The peak frontier explosion is at hops 3–4: 59 million new vertices discovered in two levels. That's 1.8 billion edge lookups per level, resolved in under a second each. We stopped at hop 15 because the graph was exhausted — not because the engine couldn't continue.
10-hop BFS on 3.6 billion edges: not feasible for everyone else. xrayGraphDB: 476ms.
Friendster Analytics Suite — Three Servers
65.6M vertices, 3.6B undirected edges. Three servers tested: Blackwell GPU (Docker container, 96GB VRAM, 16-core EPYC), Production CPU (503GB, 64-core EPYC, bare-metal), and Budget (62GB, T1000 8GB). The Blackwell numbers are from a Docker container — zero overhead verified. Even the budget server completes analytics that no competitor can attempt on any hardware.
| Procedure | Blackwell GPU (Docker) | Production CPU (503GB) | Budget (62GB, T1000) | Any Competitor* |
|---|---|---|---|---|
| Triangle Count | 38s GPU 85% | 142s | 537s | did not complete* |
| Connected Components | 38s | 75s | OOM (62GB) | did not complete* |
| PageRank (20 iter) | 94s | 231s | OOM (62GB) | did not complete* |
| K-Core | 111s GPU 71% | 125s | OOM (62GB) | did not complete* |
| Community (20 iter) | 274s | 215s | OOM (62GB) | did not complete* |
| BC Pair-Sampled (ε=0.05) | 5.1s | 6.2s | 2.8s | did not complete* |
| BC Pair-Sampled (ε=0.10) | 1.5s | 1.9s | 1.4s | did not complete* |
| Shortest Path (hub-to-hub) | 226ms | 226ms | 439ms | did not complete* |
| Jaccard Similarity | 2.0ms | 2.0ms | 2.2ms | did not complete* |
| Link Prediction | 1ms | 1ms | 3ms | did not complete* |
Triangle count verified against SNAP ground truth: 4,173,724,142 triangles (exact match). Blackwell column is a Docker container — not bare-metal. Zero Docker overhead verified. BC uses the ABRA pair-sampled algorithm. First call initializes; subsequent calls are faster.

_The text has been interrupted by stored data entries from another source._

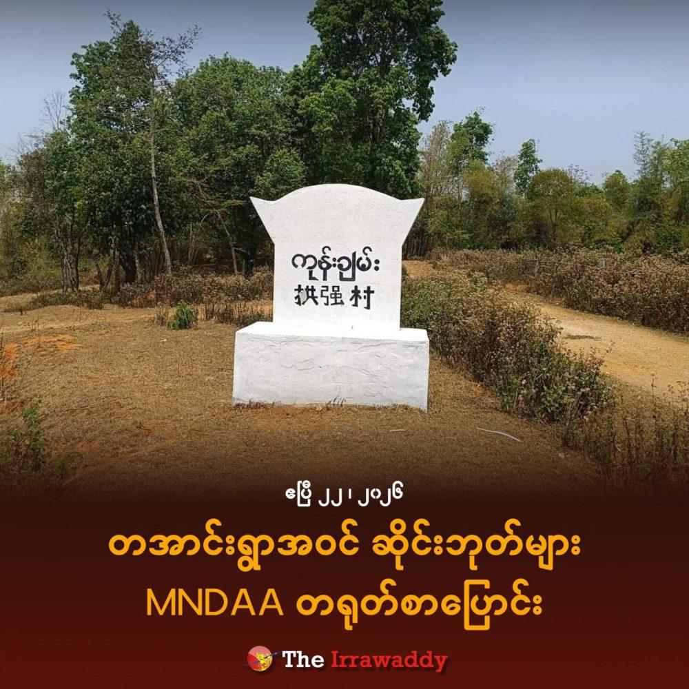 ရှမ်းပြည်နယ်မြောက်ပိုင်း ကွတ်ခိုင်မြို့ကို ပလောင် (တအာင်း) အမျိုးသား လွတ်မြောက်ရေး တပ်မတော် (TNLA) ထံမှ သိမ်းပိုက်ထားသော မြန်မာအမျိုးသား ဒီမိုကရက်တစ် မဟာမိတ်တပ်မတော် (MNDAA) သည် တအာင်းကျေးရွာ ဆိုင်းဘုတ်များအား သင်္ကြန်ကာလအတွင်း၌ တရုတ်စာပြောင်းလဲ ရေးသားခဲ့ကြောင်း ဒေသခံများထံက သိရသည်။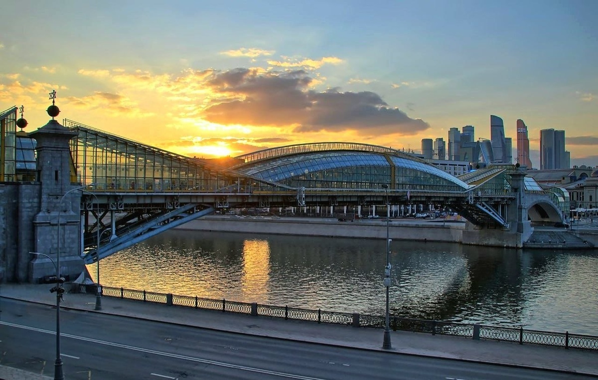 Москва. Весеннее утро. Ростовская набережная и мост Богдана Хмельницкого.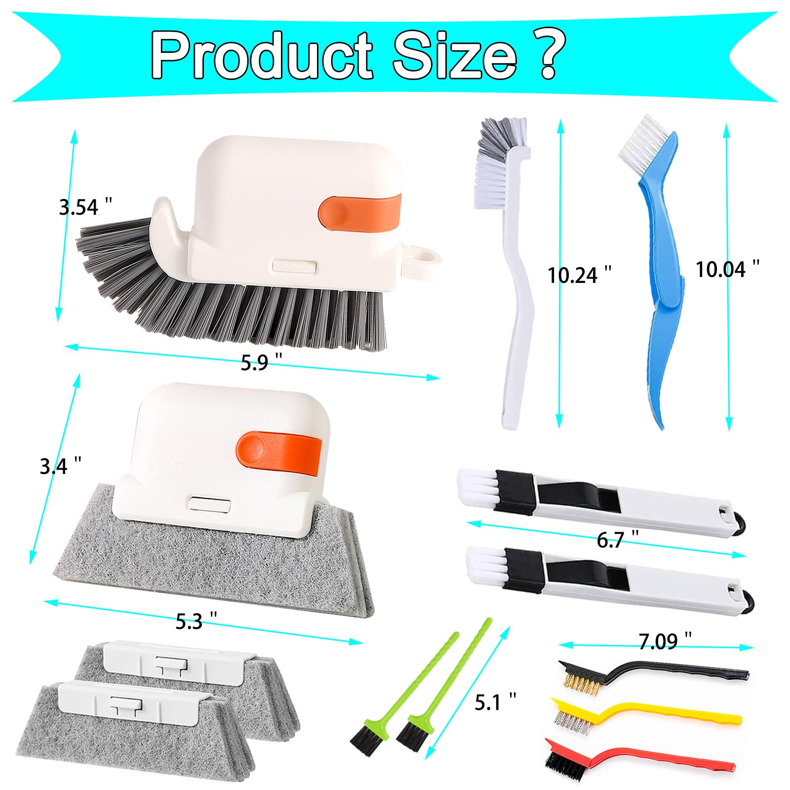 - Ultimate Cleaning Powerhouse: The 13-Piece Window Groove Cleaning Brush Kit—Quality Meets Quantity. This all-in-one cleaning brush set boasts a versatile dual-function Groove Cleaning Brush, two magical window sill brushes with replaceable sponges, two 2-in-1 door and window slot cleaning brushes, compact appliance brushes for household use, a foldable groove brush, three gap cleaning brushes featuring steel, copper, and nylon, and a multifunctional brush for coffee machines and cups. Ready to tackle all your cleaning needs, this comprehensive kit eliminates stubborn dirt with professional-level efficiency.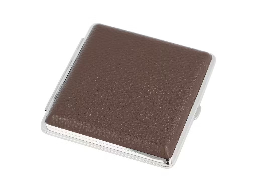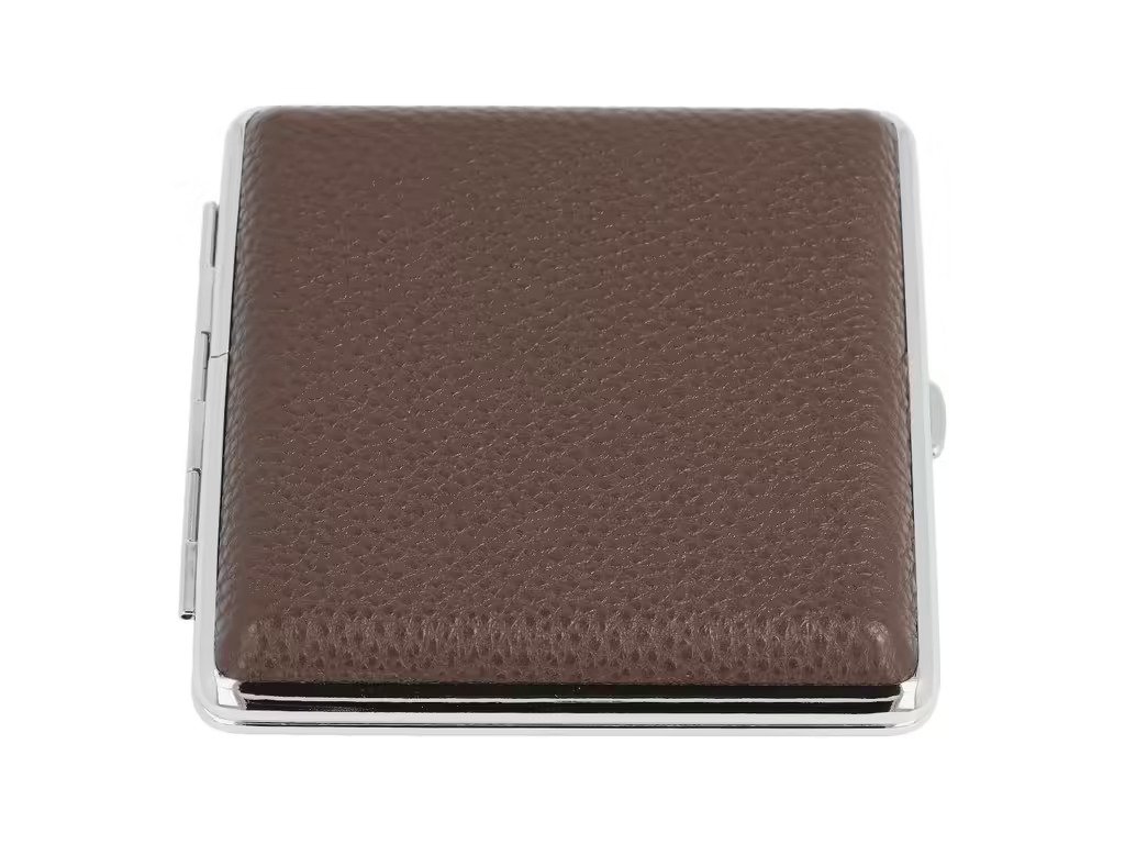 Kožená tabatěrka na 20 ks cigaret klasické velikosti (King Size). Kovové cigaretové pouzdro Angelo má jemně texturovaný povrch ve tmavě hnědém matném provedení. Přední a zadní strana pouzdra jsou stejné. Cigarety jsou uvnitř tabatěrky zajištěny gumičkou. Cigaretové pouzdro je dodávané v papírové krabičce. Vnitřní rozměry pouzdra (Š x V): 7,8 x 8,5 cm. Materiál: kov/kůže.Doplňkové parametry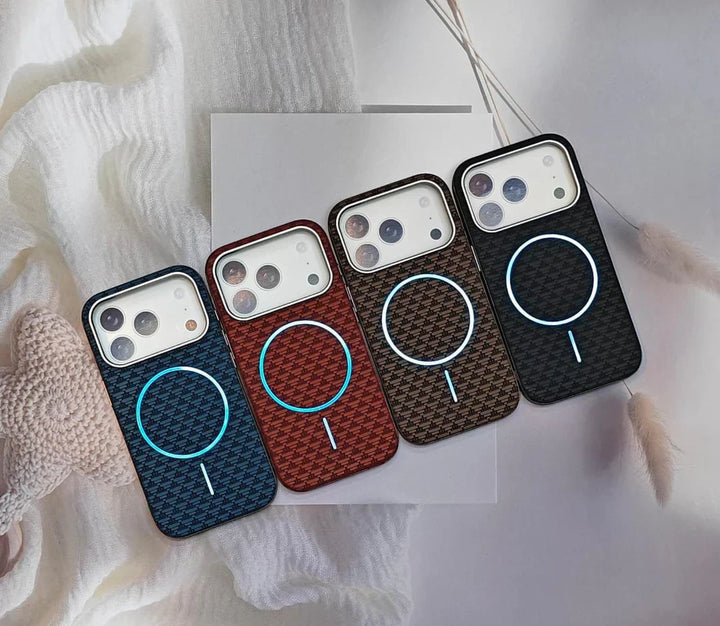 MagSafe Fabric Pattern Case for iPhone – A textured, fashion-forward case with full MagSafe compatibility and a stylish woven design for a premium everyday look.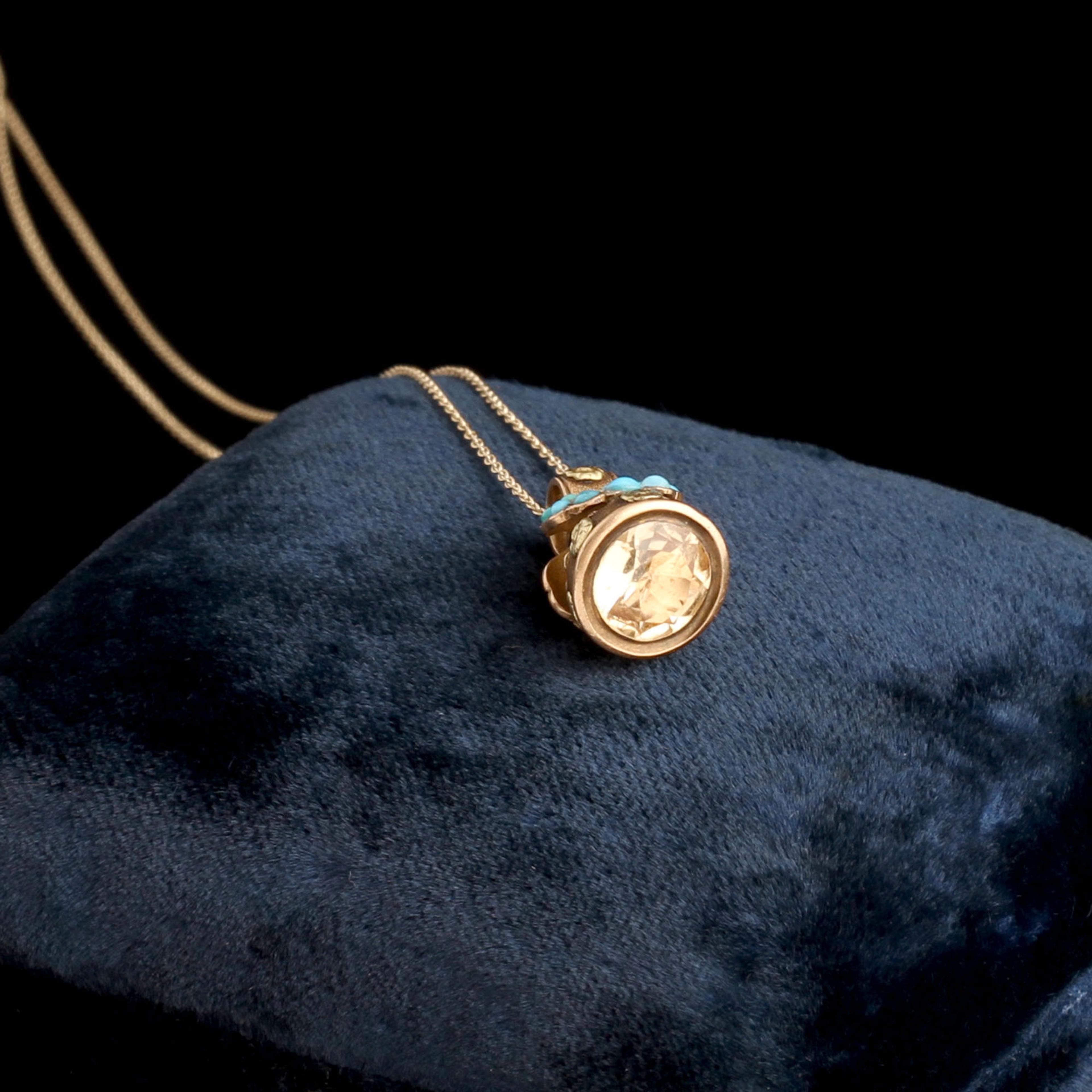 14k tricolor gold (tests), turquoise cabochons, citrine, new 14k gold chain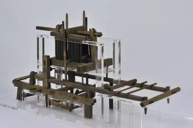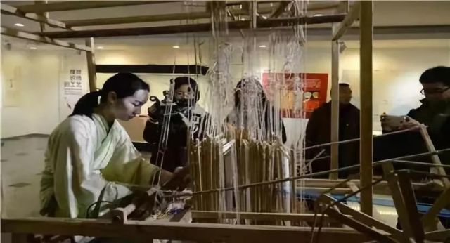 投梭:腳變換著踩豎腳竿將16面綜框輪換升降,雙手左右開(kāi)弓投梭,其間每投一梭要用扣壓緯。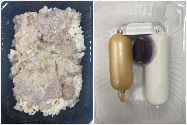 În imaginile publicate de oficial apar două caserole: una cu ceea ce pare a fi orez cu ciuperci și carne, iar cealaltă conține două tuburi cu o cremă de brânză și posibil un pateu, alături de o cutie mică de unt și una de gem.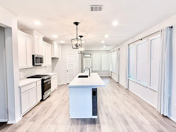 A Perry home 4 BR 3.5 bath with Game Room totalling 2338 sq ft available for rent starting immediately in the most popular community of Palmera Ridge. It has a large open 2 story family room with a wall of windows to let the natural light flow throughout. The kitchen features a large quartz island with built-in seating space, stainless steal appliances and plenty of room to cook and gather. The primary suite features a large bedroom, dual vanities, large glass enclosed shower and a walk-in closet in the primary bath. The Gaming room can be used to entertain guests & family and can be be a great spot to hook your home theatre system. This community has parks ,walking trails and ponds and is right on the Ronald Regan blvd with easy access to shops malls and restaurants & elementary school is right in the same community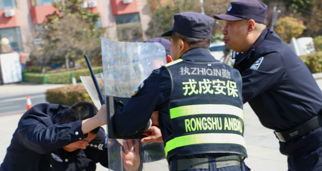 实操训练环节,安保人员首先进行了队列训练,整齐划一的动作展现了大家良好的精神风貌。王哥庄派出所李猛警官结合实战,为大家讲解了面对突发事件应对处置方法,及时正确地制暴方法及确保人员安全、自身安全防范等知识,重点针对在日常工作中可能出现的突发事件的正确处理,对盾牌、遮挡布等防爆器材的使用方法和操作要领进行了示范和操练。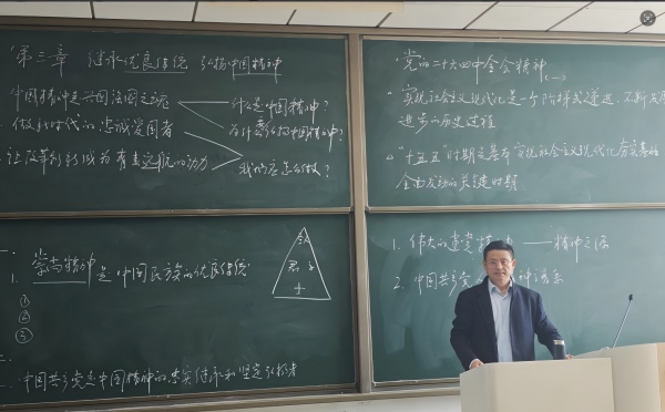 课程伊始,杨成刚老师以视频引入的方式向学生展现了中国精神的磅礴力量与生动实践,引导学生深刻理解“实现中华民族伟大复兴的中国梦,必须弘扬中国精神”。接着,杨成刚老师具体讲解了“什么是精神”以及“中华民族何以形成了崇尚精神的优秀传统”等问题。为激发进一步思考,杨成刚老师围绕“中华民族的优秀传统”与学生展开互动问答,课堂氛围热烈而有序,同学们踊跃发言,从诚实守信到勤俭节约,从孝老爱亲到尊师重道,纷纷阐述自己对优良传统内核的理解。杨成刚老师进一步结合中华优秀传统文化中的思想观点,搭配古圣先贤们的经典论述,深入浅出地阐释了中华民族崇尚精神的优秀传统的三个具体表现。随后,杨成刚老师详细讲述了中国精神的丰富内涵,从伟大创造精神、伟大奋斗精神、伟大团结精神到伟大梦想精神,层层递进,并结合一系列实践案例,生动诠释了中国精神的生命力,使抽象的中国精神变得可感可知。同时,杨成刚老师还紧密结合时事热点,将党的二十届四中全会精神融入到课程中,深入阐释了中国精神的新时代内涵和实践要求。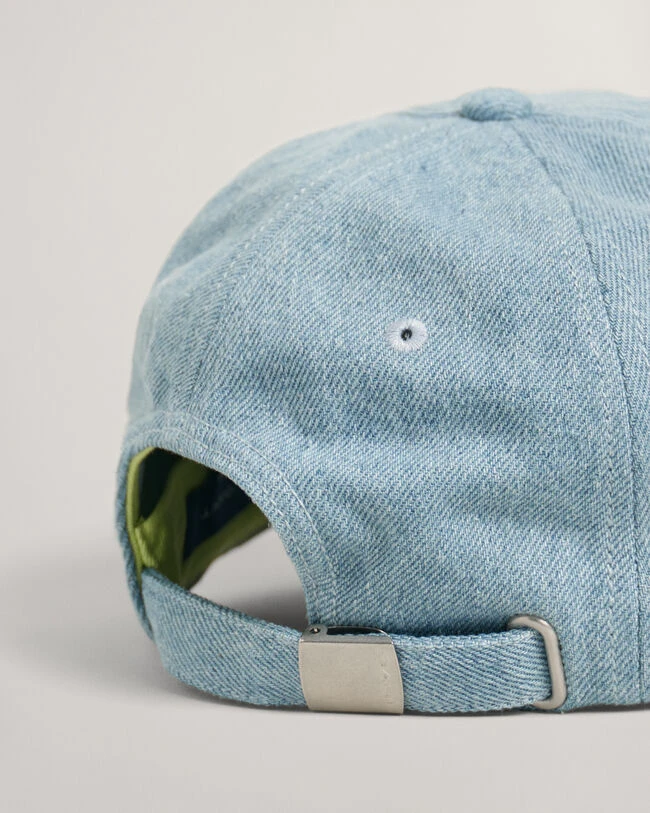 Made of structured denim with an adjustable strap, this cap is a versatile complement to any casual look. It is detailed with a tonal G embroidered badge and an engraved silver metal clasp at the back.

38-second triangle count on 3.6 billion edges. GPU at 85%. SNAP-verified exact match.
*We tested 7 competitors on the same Blackwell hardware with the same Friendster dataset. None completed these workloads under the tested single-GPU configuration: cuGraph (OOM building undirected graph), Kuzu (hop 3 timeout), DuckDB (hop 2 timeout), Neo4j (hop 4 timeout), Memgraph (OOM loading), GraphBLAS (OOM during BFS). All scripts and logs published at github.com/eMTAi-Labs/xraygraph-bench.
Data Loading Speed Comparison
LDBC SF1 dataset. Measured on competitor server (187GB RAM, 44-core Xeon Gold 6152). xrayGraphDB Friendster on .187 (503GB RAM, 64-core EPYC).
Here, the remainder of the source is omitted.